The HashTable template parameters are <Key, Value, Hash = default_hash<Key>, EmptyKey = default_empty_key<Key>::key, Reduction = replace_op, CacheLineBytes = 128, WarpSize = 32, MaxProbeBuckets = 8>. The cache-line and warp-size parameters are present specifically so the table is not portability-pinned to NVIDIA constants (see Could this scheme also work for AMD GPUs?).

Device API

The device-side API is designed around the View handle, obtained host-side via table.view() and passed by value into user kernels. View is trivially copyable and carries only the bucket pointer and the derived capacity/mask constants — no ownership.

It exposes two cooperative-tile methods, both of which take a cooperative_groups::thread_block_tile<TileSize> as their first argument (the B lanes that share each bucket load):

__device__ cuda::std::optional<Slot> insert(tile, key, value) — insert a (key, value) pair under the table's Reduction. Returns an empty optional on success; on probe-cap failure returns the leftover slot that could not be placed — see the next section on lossless failure.
__device__ cuda::std::optional<Value> get(tile, key) const — look up the value associated with key. Returns the value on hit, empty optional on miss.

Both methods are designed to be called from inside a user-written grid-stride loop where each tile owns one in-flight key per iteration. The tests in tests/kernels.cuh and the example in examples/basic.cu show the canonical loop shape.

The full C++ signatures, parameter lists, and per-method semantics belong in the Doxygen-generated reference rather than being maintained by hand here.

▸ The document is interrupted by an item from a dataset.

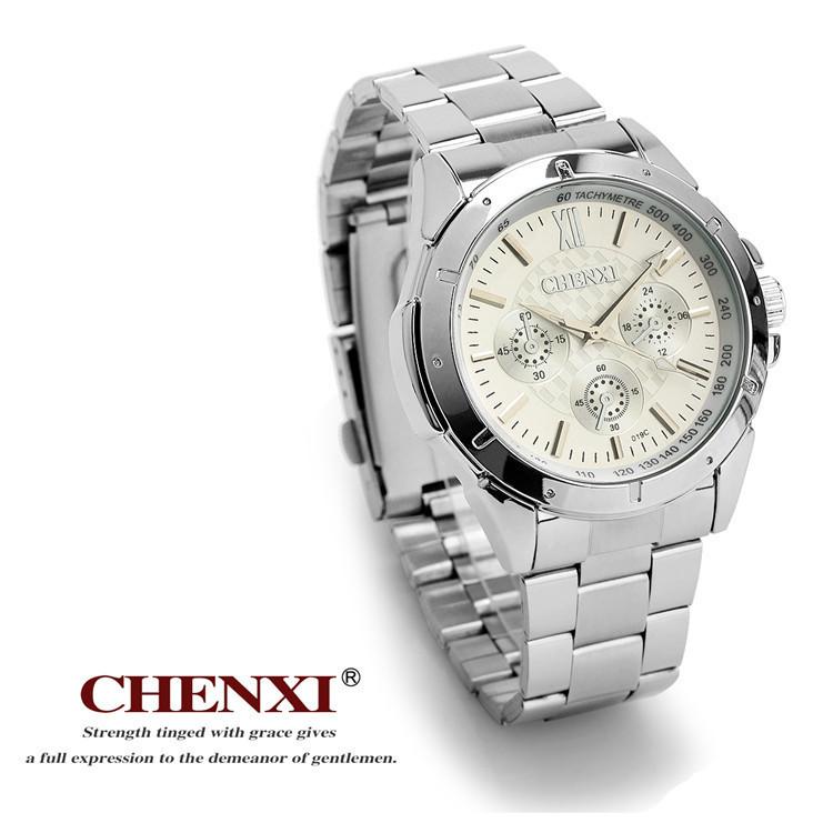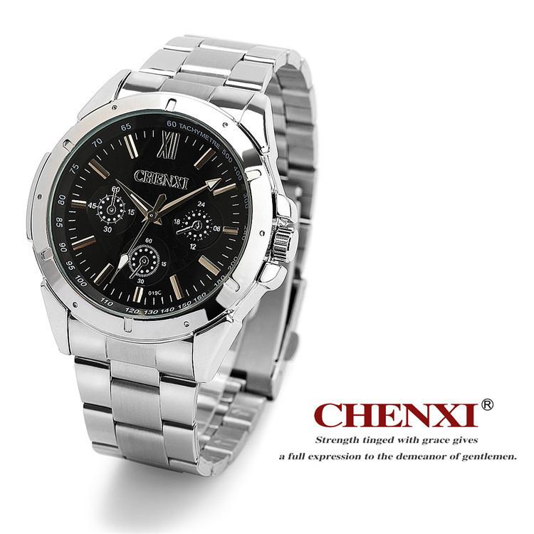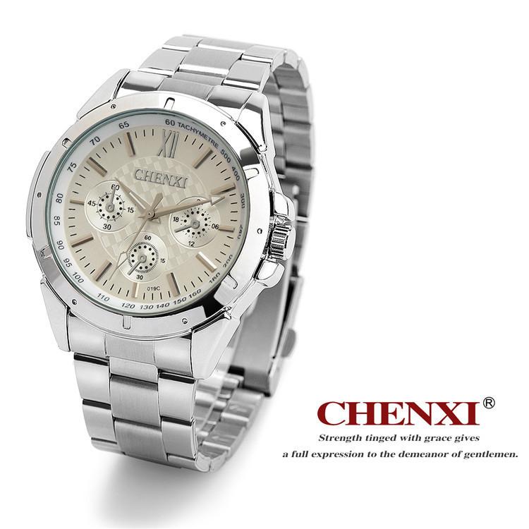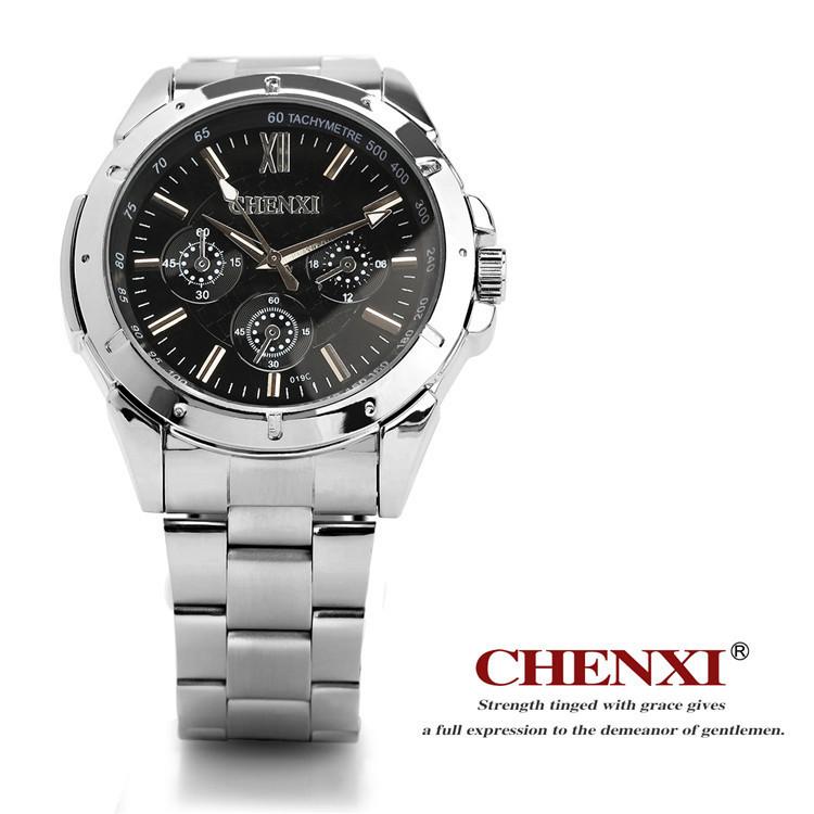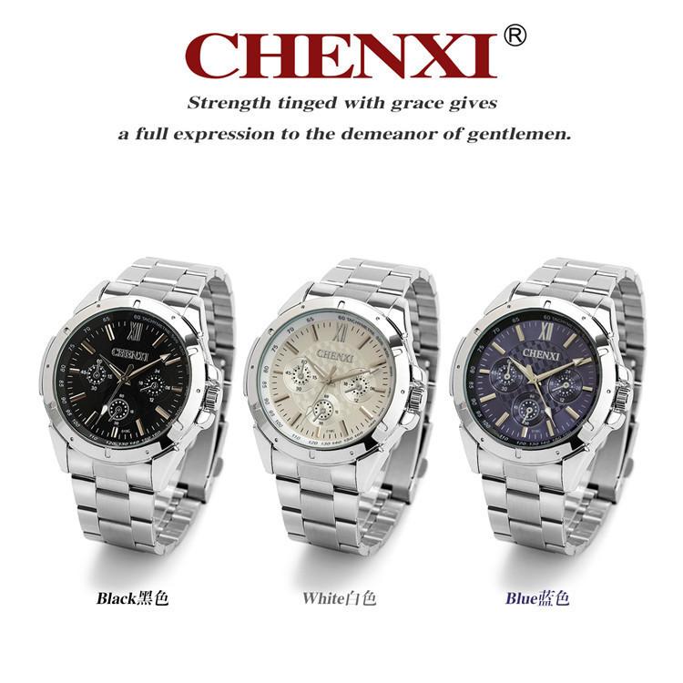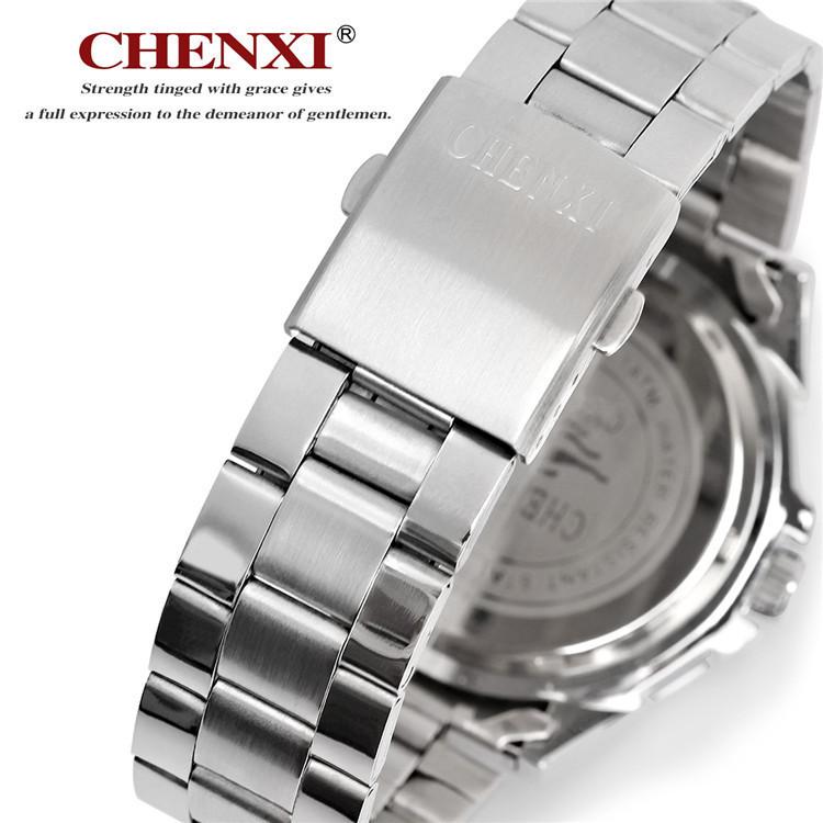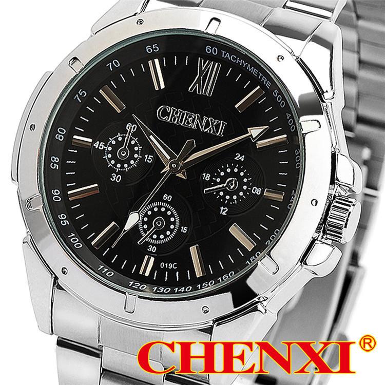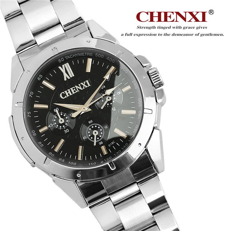 Reloj de pareja CHENXI Dawn Brand para hombre y mujer, de cuarzo, resistente al agua, con tres esferas, reloj de pulsera de acero para mujer, 019C

Lossless insert failure via returned slots

View::insert returns cuda::std::optional<Slot>. On success it is empty; on probe-cap failure it holds the leftover (key, value) pair that could not be placed.

Crucially, this leftover may not be the original input. If Robin Hood displacements happened during the probe, the originally-passed-in pair is already in the table and the leftover is the most-recently-evicted victim. Returning it is what makes the operation lossless under failure — callers can buffer leftovers and replay them into a rebuilt larger table without losing any of the keys they handed in.

Preprocessor-gated benchmark counters

One macro gates functionality that the core library doesn't expose by default. It must be defined in the translation unit before any <gpurhh/...> header is included:

**GPURHH_BENCHMARK_COUNTERS** adds a trailing std::uint32_t& tile_counter parameter to View::insert and View::get. Lane 0 of the tile increments it on every cache-line-sized memory event: each bucket-load at the top of a probe-loop iteration (including CAS-retry re-reads of the same bucket), and each attempted CAS — every CAS requires the line in an exclusive state, which is an additional memory transaction beyond the cooperative load. View::get is read-only and only bumps on bucket loads. The caller maintains a per-tile register accumulator and writes it out once at end of kernel; no atomics fire in the hot loop. Downstream bandwidth = counter × sizeof(Bucket) / time. The memory-bandwidth benchmark binaries enable this; the timing benchmarks, tests, and the example do not.